How to route specific traffic through OpenVPN?

2

I'm running a server at home with rtorrent and apache2. I would like to route my rtorrent traffic via OpenVPN and since im kinda new to OpenVPN and iptables i would like to have a user friendly guide.

What i've tried: I've been googling for 2 days on the subject but i havent found anything that could help me.
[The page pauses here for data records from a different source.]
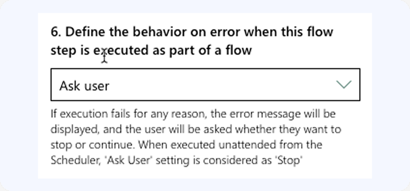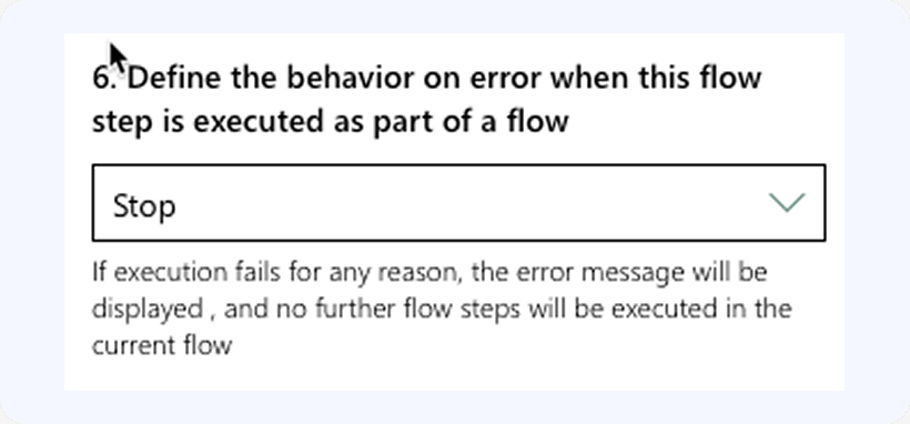 The following setting determines the behavior of the flow step if the operation returns at least one error: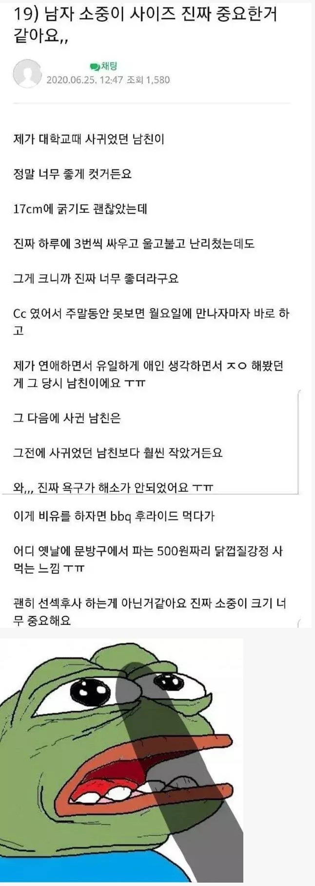 19) 남자 소중이 사이즈 진짜 중요한 거 같아요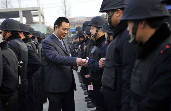 2月3日大年初一上午,市公安局黨委委員、副局長、紀委書記初曉在公司總經(jīng)理婁伯翱、副總經(jīng)理王克、徐文剛的陪同下,親切慰問了總公司武裝押運員并發(fā)放了慰問金。初書記代表市局黨委向大家拜年并致以節(jié)日的問候和祝福!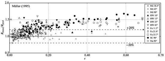 the measured impulse wave celerities mainly scatter between 95% and 103% of the solitary wave celerity. This agrees with the findings by McFall and Fritz [] and Evers et al. [] for spatial impulse wave propagation in wave basins. The relative wave length L/h of Müller’s [] experiments range between 9 and 56. According to Dean and Dalrymple [], the generated waves cover the transition zone from intermediate-water (2 < L/h ≤ 20) to shallow-water (L/h > 20). The measured wave celerities confirm this classification. In line with the additional text information in Müller [], experiments no. 474, 589, 601, and 602 were not included in the analysis. The experiments featuring roughness elements at β = 18.4° (no. 562–588) were also not considered. All other experiments from Müller’s [] appendix providing sufficient information on the impulse wave characteristics as well as the runup height were included in the analysis. The number of experiments included from Müller [] is n = 166 (63 at β = 18.4°, 17 at β = 45°, 86 at β = 90°).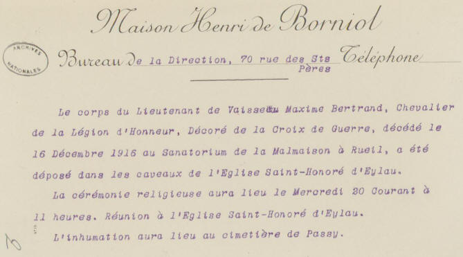une maison de santé de Rueil-Malmaison où il décéda le 16 décembre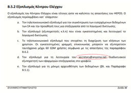 στη σελίδα 99 διαβάσαμε ότι «Ο εξοπλισμός του Κέντρου Ελέγχου είναι τέτοιος, ώστε να καλύπτει τις απαιτήσεις του HEPOS. Ο εξοπλισμός περιλαμβάνει κατ’ ελάχιστον… d. Τον εξοπλισμό για τη λειτουργία του secretary@anysma.net διαδικτυακού εξυπηρετητή των εφαρμογών επεξεργασίας στο γραφείο…».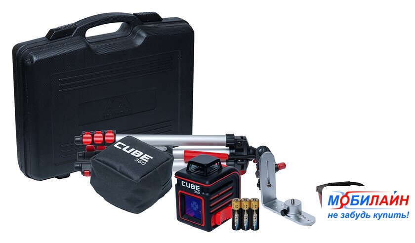 Комплект поставки | Лазерный уровеньКейсШтатив Универсальное крепление ADA Universal ClampЛазерные очкиБатареи |
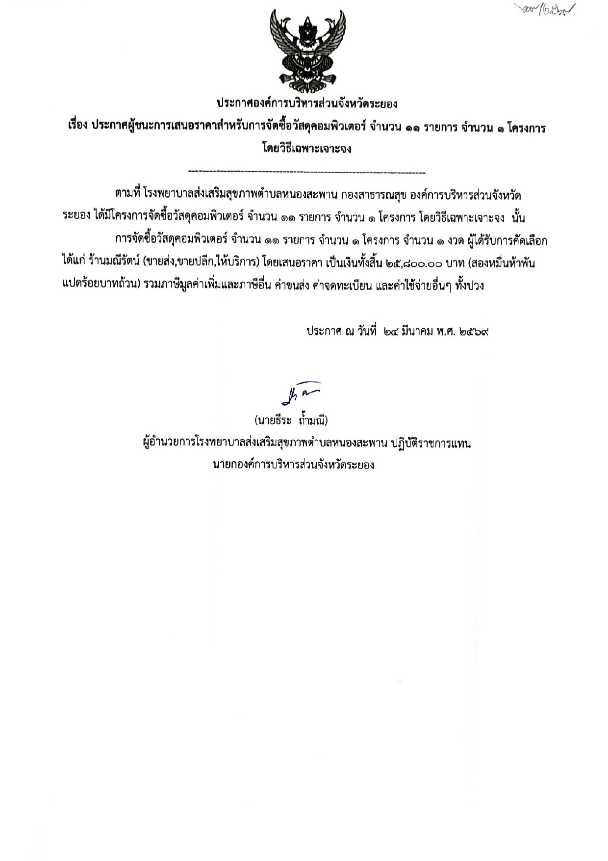 ประกาศผู้ชนะการเสนอราคา สำหรับการจัดจ้างเหมาซ่อมคอมพิวเตอร์สำนักงาน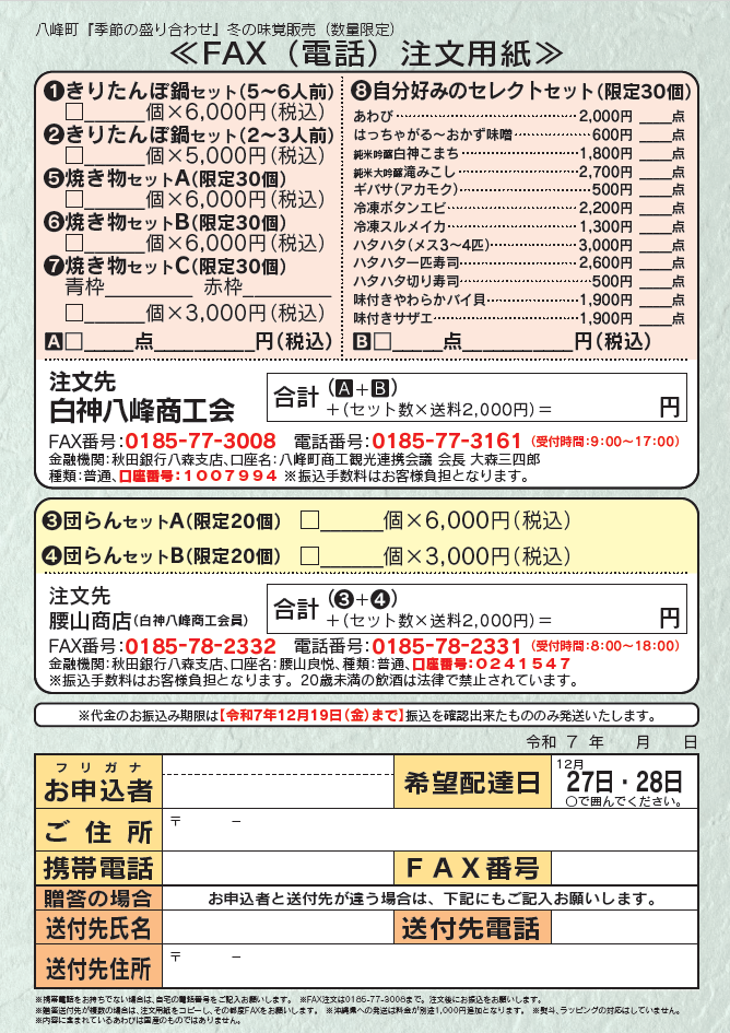 ①②⑤⑥⑦⑧: 白神八峰商工会 FAX:0185-77-3008 TEL:0185-77-3161(受付時間9:00~17:00)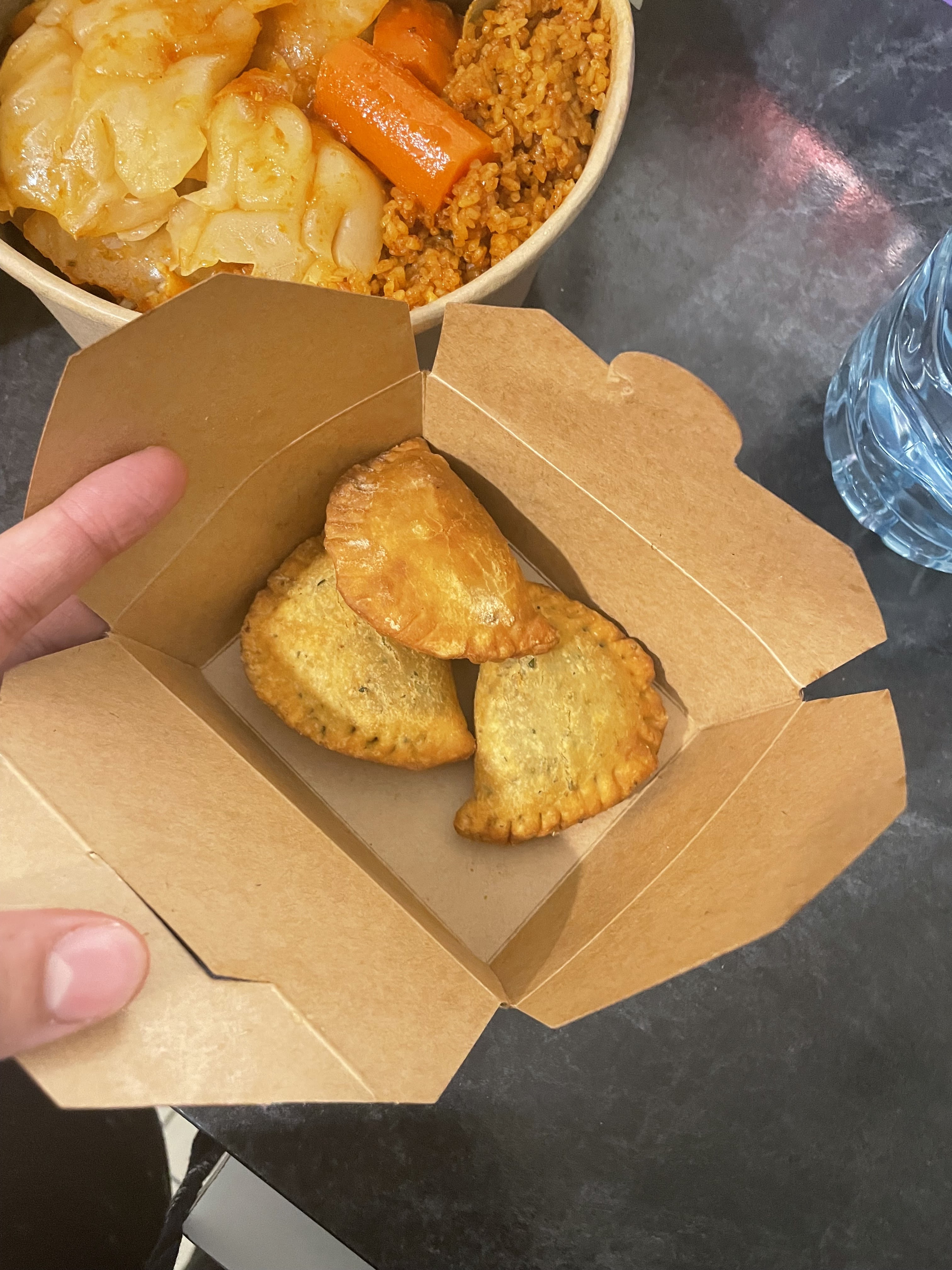 J'ai commandé à emporter des pastels au thon, un mafé et un thieb et le tout était très bon on s'est régalé. Malheureusement, je suis un peu dégoûtée parce que le serveur a oublié de mettre les boissons dans le sac (5€ aux oubliettes 😭), mais sinon le service est rapide et le personnel agréable.

I have tested the tunnel with openvpn and it routes my ip correct but heres the problem. Since i run a apache2 server it stops working (of course) when the tunnel is active.
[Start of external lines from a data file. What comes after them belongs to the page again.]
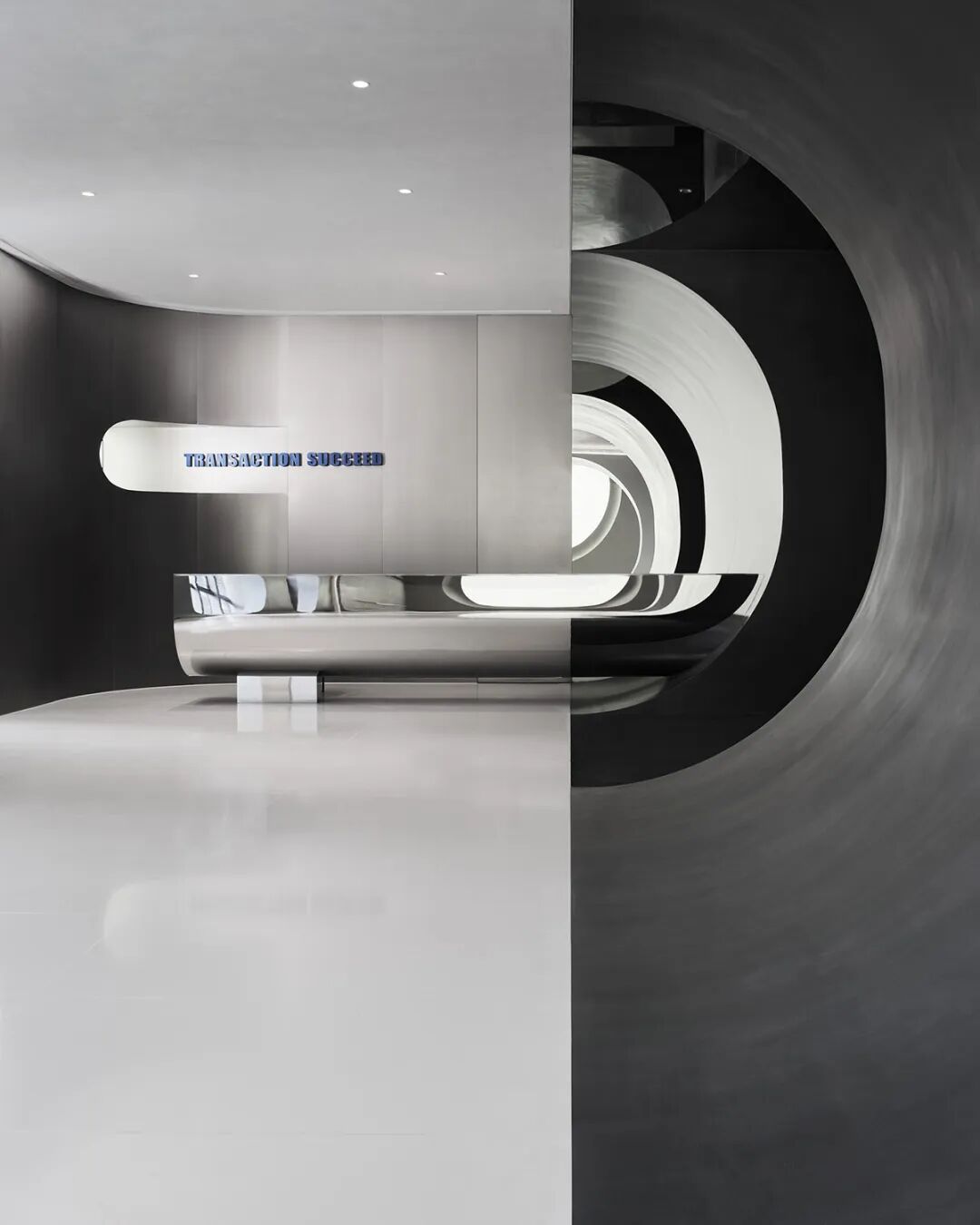 The entrance adopts multiple mirrored ceilings and facade designs, creating a deep visual attraction between the virtual and real. Customized curved window openings run through the space, echoing the characteristics of building glass curtain walls and dissolving the coldness of the financial industry with smooth curves. The collision and interweaving of deep and shallow materials indicate an exploration of office furniture and spatial aesthetics.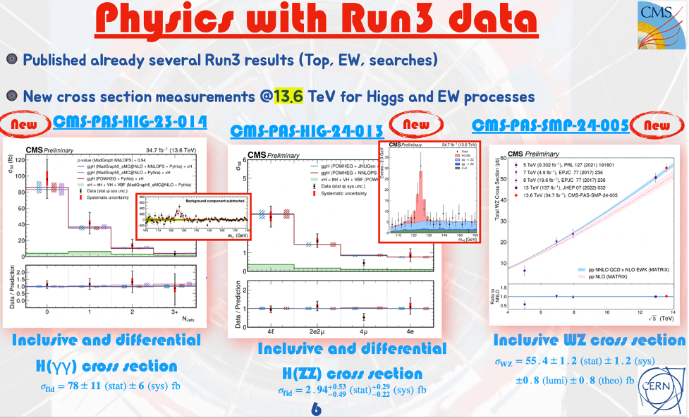 北京大学高能物理CMS实验组近期取得了一批重要进展:主导完成了希格斯玻色子与粲夸克联合产生的首次寻找、主导完成WZγ 过程的观测、主导完成VBS W±W±H过程的首次探测、为CMS实验13.6TeV质心能量下希格斯玻色子产生截面的首次测量做出贡献。这些工作在两年一度的国际高能物理大会(ICHEP 2024)上作为对撞机物理的亮点得到展示。
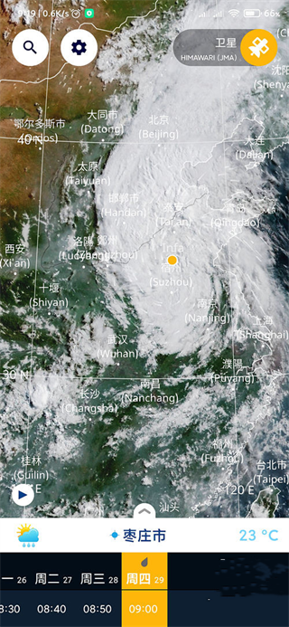 1、可以点击左上角的放大镜“搜索位置”按钮来查找。点击底部的“常州市”,会显示本地的详细天气预报、降水量、风向风力等信息,左右拖动时,上面卫星云图会随之变动。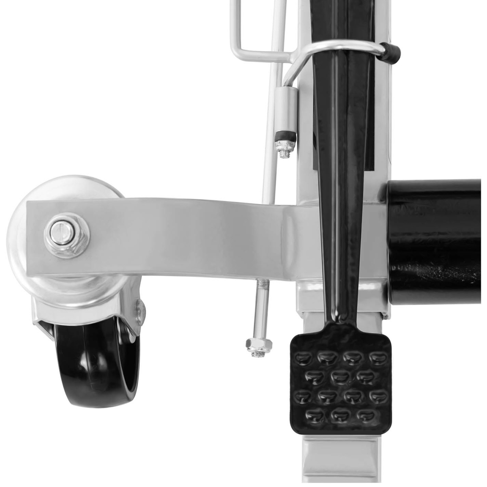 Oferuje regulację wysokości w zakresie od 335 mm do 595 mm, co pozwala na łatwe dostosowanie do różnych potrzeb. Jego maksymalne obciążenie wynosi 567 kg, co umożliwia sprawne podnoszenie pojazdów, co jest szczególnie przydatne podczas wymiany opon czy demontażu kół.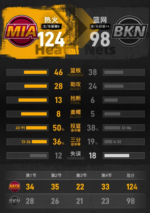 全场具体比分(热火队在后):28-34、26-35、21-22、23-33。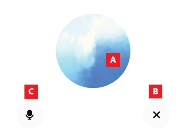 Halten Sie die Aktionstaste etwa eine Sekunde lang gedrückt. Die App startet. Sobald der blaue Ball eingeblendet wird, Bild 3 A, ist ChatGPT für die Spracheingabe bereit. Mit einem Tippen auf die unteren

What i want: I want the tunnel to be active but not to be default and that only rtorrent traffic should pass through it and last but not least that rtorrent ONLY should connect over VPN.
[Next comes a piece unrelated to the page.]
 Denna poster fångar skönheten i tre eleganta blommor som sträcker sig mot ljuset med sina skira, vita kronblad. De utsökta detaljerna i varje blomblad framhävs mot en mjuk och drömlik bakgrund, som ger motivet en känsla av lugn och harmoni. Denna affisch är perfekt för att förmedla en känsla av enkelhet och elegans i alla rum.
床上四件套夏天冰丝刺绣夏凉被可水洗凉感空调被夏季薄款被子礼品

Anyone up for the task of teaching me?

junkyhlm

Posted 2012-12-12T09:38:24.703

Reputation: 89

Answers

1

I've managed to solve this with two main steps:

  1. Choose a service provider that uses TUN interface.
  2. A little bit more table routing

The Table routing

I've read the most useful howto over at http://lartc.org/howto/ and followed the provided steps there.

My setup is now two physical nic (eth0 and eth1) divided over three tables (main, T1 and T2). T1(eth1) routes the default stuff (apache2, ssh etc.) and T2(eth0) is just for rtorrent connections.

It works like a charm. So if you have the same issue read up over at lartc.org and the problem will be solved.

Note

I have not tried this config with TAP interface so I cannot say if it works or not.

junkyhlm

Posted 2012-12-12T09:38:24.703

Reputation: 89

0

It's an "advanced routing" issue.

These articles should help:

http://kindlund.wordpress.com/2007/11/19/configuring-multiple-default-routes-in-linux/

http://www.rjsystems.nl/en/2100-adv-routing.php

So basically you need to configure two routing tables, both with its own default route, and the rules that speficy which traffic uses which routing table.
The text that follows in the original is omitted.